With all of this in mind, what do we do? It does appear that every avenue is a dead-end road. Luckily there are many solutions, and these solutions over time create layers of answers to the issues at hand. If you make the interior of a vehicle out of materials like cork, you have to plant trees. Planting trees creates jobs, planting trees sequesters carbon and produces oxygen. Planting trees is usually for the most part a very good thing that has many benefits beyond the few examples just given. Furthermore, take the engineering a step further in regards to vehicle design high-wear areas such as footwells and seating so that they are easily renewed and manufactured of all-natural materials. The old footwell and seating materials turn into soil when composted properly and whatever underlying supporting metal structure is either capable of being recycled or is at the very least not toxic. The same goes with door panels for example, as well as the rest of the interior. Instead of wearing out the seat, utilize a beautifully designed, simple to remove, and easy to clean seat covers. When necessary change the cover and your seat will look brand new again, and you can even change the color if you want. 

There are other very simple and straightforward engineering solutions that should have been applied to ICE-based vehicles a long time ago, such as onboard oil recycling without disposable filters. It is a well-known fact that there are ways to completely clean the oil/engine lubrication fluid, while an engine is running and to do so without the need for disposable filters. It is a scientific fact and has been known for nearly a hundred years now, but, it just simply has never been applied. At least not until now. We have a working demonstration of this very system. The waste stream mitigation of just this one simple application is staggering.

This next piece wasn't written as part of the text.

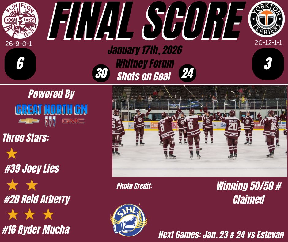 This was a very gutsy and impressive win for the Bombers who pulled off the win on the road with 9 regulars out of their lineup. Flin Flon was missing Joey Lies, Reid Arberry and Sam Ward who suited up for the SJHL at the Viking Cup.

Instead of creating a new model every year, develop a timeless design that will be maintainable year after year. By not changing the vehicle, parts compatibility, supply chains, business relationships, and all levels of manufacturing and maintenance, as well as remanufacturing and/or disposal will all be streamlined for maximum efficiency. Why go through the resource-intensive process to re-tool, just to manufacture essentially the same thing, slightly different, but to no real gain? It’s an unacceptable and foolish waste, an exercise in futility, that as a species we can no longer afford. With every vehicle made by us, there will be a real investment in efficiency. Approaching manufacturing in this way will be a champion of responsibility and integrity on a large scale like the world has never seen before. The bottom line is that sustainability executed substantively is in fact another way of saying freedom. Freedom is definable as an equation. F= T/N. Freedom = Time/Necessity. The less time you spend meeting your needs the more free you are. This is the underlying goal of all substantively executed sustainability, and I believe an archetype of the human process. 

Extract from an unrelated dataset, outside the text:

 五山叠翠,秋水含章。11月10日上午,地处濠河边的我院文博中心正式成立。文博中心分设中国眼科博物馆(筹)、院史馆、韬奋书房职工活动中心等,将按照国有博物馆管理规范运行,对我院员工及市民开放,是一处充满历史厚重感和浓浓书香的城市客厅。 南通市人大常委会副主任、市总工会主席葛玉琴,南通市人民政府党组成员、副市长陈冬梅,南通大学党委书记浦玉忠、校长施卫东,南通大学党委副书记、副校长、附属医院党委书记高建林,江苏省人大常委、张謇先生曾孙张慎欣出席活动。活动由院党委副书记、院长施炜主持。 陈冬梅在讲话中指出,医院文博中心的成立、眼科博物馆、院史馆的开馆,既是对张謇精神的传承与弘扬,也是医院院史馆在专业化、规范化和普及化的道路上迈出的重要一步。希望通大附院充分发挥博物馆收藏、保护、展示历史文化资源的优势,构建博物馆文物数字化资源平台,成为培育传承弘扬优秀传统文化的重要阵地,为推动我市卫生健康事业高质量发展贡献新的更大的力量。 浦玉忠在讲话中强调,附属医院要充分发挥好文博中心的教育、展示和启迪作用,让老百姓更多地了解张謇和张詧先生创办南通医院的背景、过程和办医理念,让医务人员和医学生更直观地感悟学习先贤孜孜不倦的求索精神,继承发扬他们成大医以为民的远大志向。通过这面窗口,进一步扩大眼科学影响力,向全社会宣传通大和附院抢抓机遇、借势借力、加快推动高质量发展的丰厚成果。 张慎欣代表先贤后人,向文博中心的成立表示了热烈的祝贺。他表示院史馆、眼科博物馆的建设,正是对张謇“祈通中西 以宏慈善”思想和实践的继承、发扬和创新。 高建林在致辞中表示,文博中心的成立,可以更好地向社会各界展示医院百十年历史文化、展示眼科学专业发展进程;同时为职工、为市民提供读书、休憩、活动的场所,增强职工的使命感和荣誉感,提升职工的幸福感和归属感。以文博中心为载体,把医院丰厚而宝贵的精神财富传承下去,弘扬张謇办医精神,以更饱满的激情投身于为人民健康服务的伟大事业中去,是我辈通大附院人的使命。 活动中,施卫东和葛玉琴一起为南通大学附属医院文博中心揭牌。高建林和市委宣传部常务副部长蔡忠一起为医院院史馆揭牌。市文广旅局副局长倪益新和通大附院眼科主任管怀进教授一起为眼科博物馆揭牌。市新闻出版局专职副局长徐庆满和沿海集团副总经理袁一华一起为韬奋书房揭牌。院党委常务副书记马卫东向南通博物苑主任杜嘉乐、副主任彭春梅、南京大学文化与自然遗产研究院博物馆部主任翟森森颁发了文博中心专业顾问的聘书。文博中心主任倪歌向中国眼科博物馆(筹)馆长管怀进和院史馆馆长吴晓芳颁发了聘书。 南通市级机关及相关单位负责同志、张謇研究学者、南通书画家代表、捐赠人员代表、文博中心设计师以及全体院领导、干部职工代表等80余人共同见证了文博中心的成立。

Sustainability in the automotive sector is not created by taking a vehicle and supplanting the drivetrain from an I.C.E. based platform to an electrified platform. There is so much more to it than that. It may sound like a lot, but it is a demonstration of a baseline of efficiency that should be the norm and not the exception. These are just some of the ways that the approach of Earth Centered Engineering is a reinvention of design, manufacturing, and cradle-to-grave responsibility that underlies the result of the last 20 years of analysis of sustainability that ECE will establish as the benchmark of global standards of sustainability to come. This is the story of envisioning how to adapt and apply an Earth-Centered Engineering approach to the development of personal transportation, mass transit and everything and anything beyond or in between.